I guess that the correct way to do this is via
configuration in /etc/rdma/rsocket/polling_time?

Concerning the rpoll() itself, some more comments/questions
embedded below.

On Tue, 13 Aug 2013 21:44:42 +0000
"Hefty, Sean" <sean.hefty@intel.com> wrote:

> > > I found a workaround for my (our) problem: in the librdmacm
> > > code, rsocket.c, there is a global constant polling_time, which
> > > is set to 10 microseconds at the moment.
> > >
> > > I raise this to 10000 - and all of a sudden things work nicely.
> > 
> > I am adding the linux-rdma list to CC so Sean might see this.
> > 
> > If I understand what you are describing, the caller to rpoll()
> > spins for up to 10 ms (10,000 us) before calling the real poll().
> > 
> > What is the purpose of the real poll() call? Is it simply a means
> > to block the caller and avoid spinning? Or does it actually expect
> > to detect an event?
> 
> When the real poll() is called, an event is expected on an fd
> associated with the CQ's completion channel. 

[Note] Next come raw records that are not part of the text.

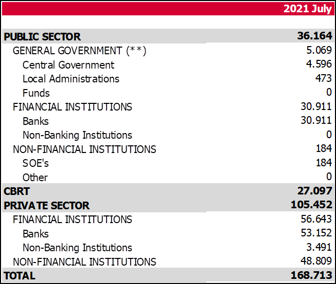 - Short-term external debt stock recorded USD 125.3 billion at the end of July, indicating an increase of 9.7 percent compared to the end of 2020. Specifically, in this period, banks’ short-term external debt stock increased by 2.6 percent to USD 58.9 billion and other sectors’ short-term external debt stock increased by 10.8 percent to USD 39.4 billion.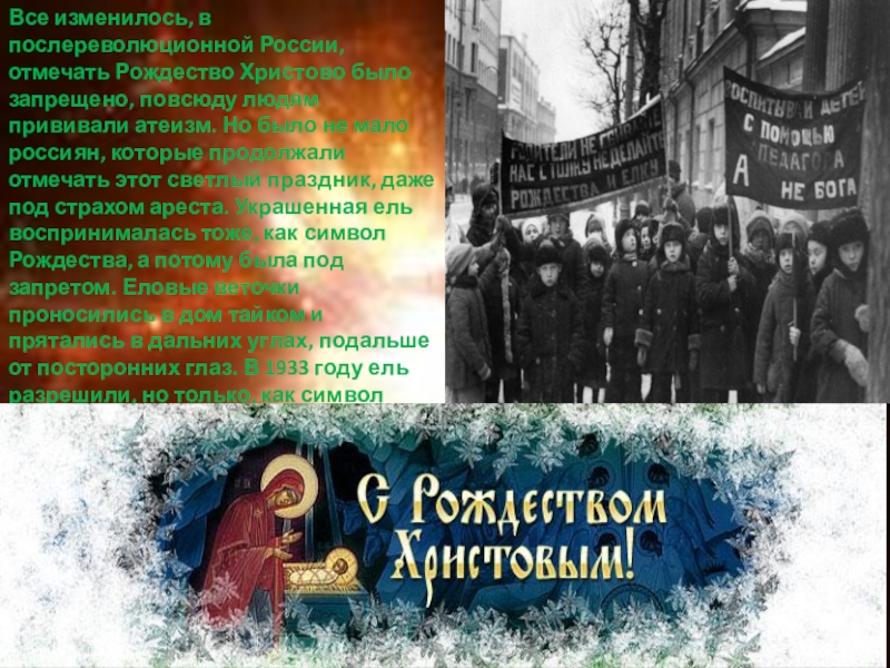 Слайд 17Все изменилось, в послереволюционной России, отмечать Рождество Христово было запрещено, повсюду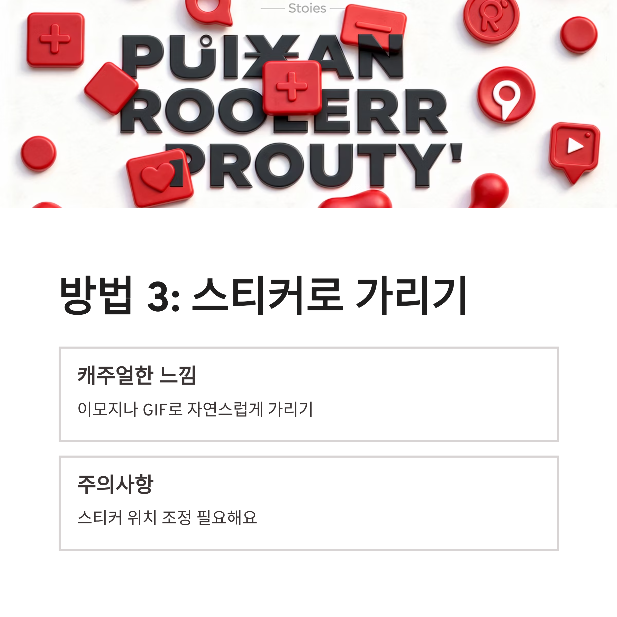 | 스티커로 가리기 | 쉬움 | 중간 | 캐주얼 스토리 |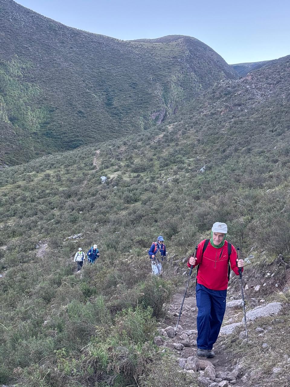 A las 7 y 45 estábamos caminando desde el Barrio Costa 1 (2.110 msnm), en Tafí del Valle. Una recomendación a tener en cuenta son las múltiples sendas que existen debido a los usos que le da la población que vive en su geografía, los puestos que hay al comienzo más los que están más arriba y a ello se le agrega los que transitan permanentemente las personas que vienen desde la población de Mala-Mala en el lado oriental hacia Tafí de Valle y los que van desde Tafí del Valle, hacia Mala-Mala, incluso llevando su ganadería a pastar en el invierno al lado oriental por las mejores pasturas, hay varios puestos muy bien mantenidos, provistos de agua y donde se puede armar carpa cuando se hace la Travesía Nogalito-Tafí del Valle (muy recomendable)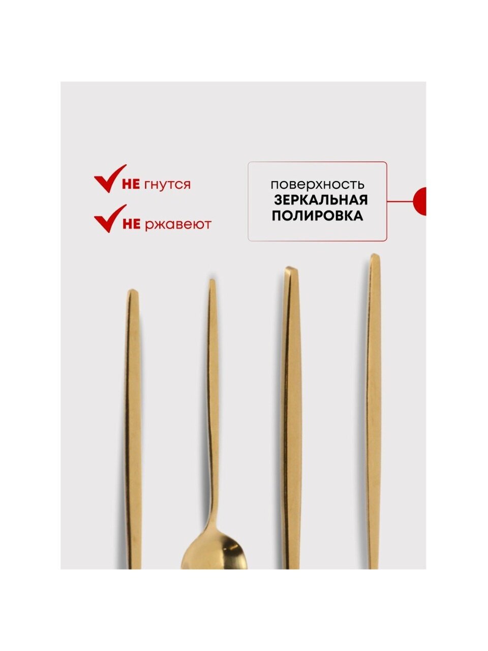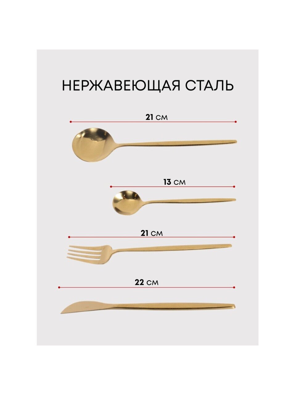 В комплекте 4 предмета для одной персоны: нож, вилка, ложка и чайная ложка, длина каждого — 22 см.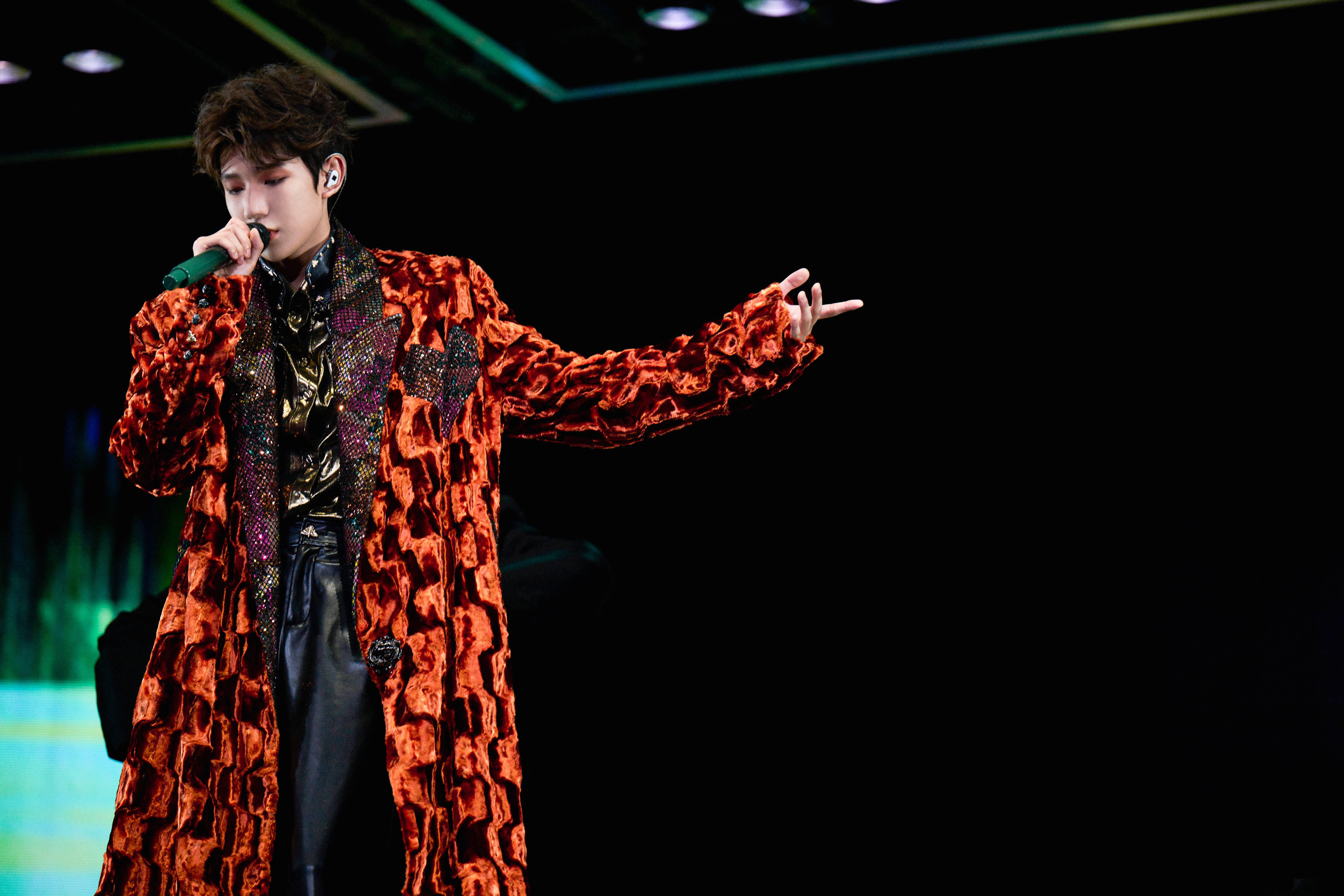 面对这阵仗,王源也是没辙了。他先是故作严肃地板起脸,对着台下说:“下面严肃一点好不好?”可嘴角那藏不住的笑意早就出卖了他。后来实在招架不住粉丝的热情,干脆捂着耳朵“逃跑”似的转过身,那手忙脚乱的样子,像极了被起哄的邻家大男孩,可爱得让人忍不住跟着笑。不过别看他这样,专业素养还是在线的,调整了一下状态就重新拿起话筒,跟乐队示意后,又投入到演唱中,一点没影响后面的表演。

The first question I would have is: why is the rpoll() split into
these two pieces? There must have been some reason to do a busy
loop on some local state information rather than just call the
real poll() directly.

> > > I think we are looking at two issues here:
> > > 1. the thread structure of ceph messenger
> > >   For a given socket connection, there are 3 threads of interest
> > >   here: the main messenger thread, the Pipe::reader and the
> > >   Pipe::writer.
> > >
> > >   For a ceph client like the ceph admin command, I see the
> > > following sequence
> > >     - the connection to the ceph monitor is created by the
> > >       main messenger  thread, the Pipe::reader and
> > >       Pipe::writer are instantiated.
> > >     - the requested command is sent to the ceph monitor, the
> > >       answer is read and printed
> > >     - at this point the Pipe::reader already has called
> > >       tcp_read_wait(), polling for more data or connection
> > > termination
> > >     - after the response had been printed, the main loop calls the
> > >       shutdown routines which in in turn shutdown() the socket
> > >
> > >    There is some time between the last two steps - and this gap is
> > >    long enough to open a race:
> > >
> > > 2. rpoll, ibv and poll
> > >   the rpoll implementation in rsockets is split in 2 phases:
> > >   - a busy loop which checks the state of the underlying ibv
> > > queue pair
> > >   - the call to real poll() system call (i.e. the uverbs(?)
> > >     implementation of poll() inside the kernel)
> > >
> > >   The busy loop has a maximum duration of polling_time (10
> > > microseconds by default) - and is able detect the local shutdown
> > > and returns a POLLHUP.
> > >
> > >   The poll() system call (i.e. the uverbs implementation of poll()
> > >   in the kernel) does not detect the local shutdown - and only
> > > returns after the caller supplied timeout expires.
> 
> It sounds like there's an issue here either with a message getting
> lost or a race.  Given that spinning longer works for you, it sounds
> like an event is getting lost, not being generated correctly, or not
> being configured to generate.
> 

I am looking at a multithreaded application here, and I believe that
the race is between thread A calling the rpoll() for POLLIN event and
thread B calling the shutdown(SHUT_RDWR) for reading and writing of
the (r)socket almost immediately afterwards.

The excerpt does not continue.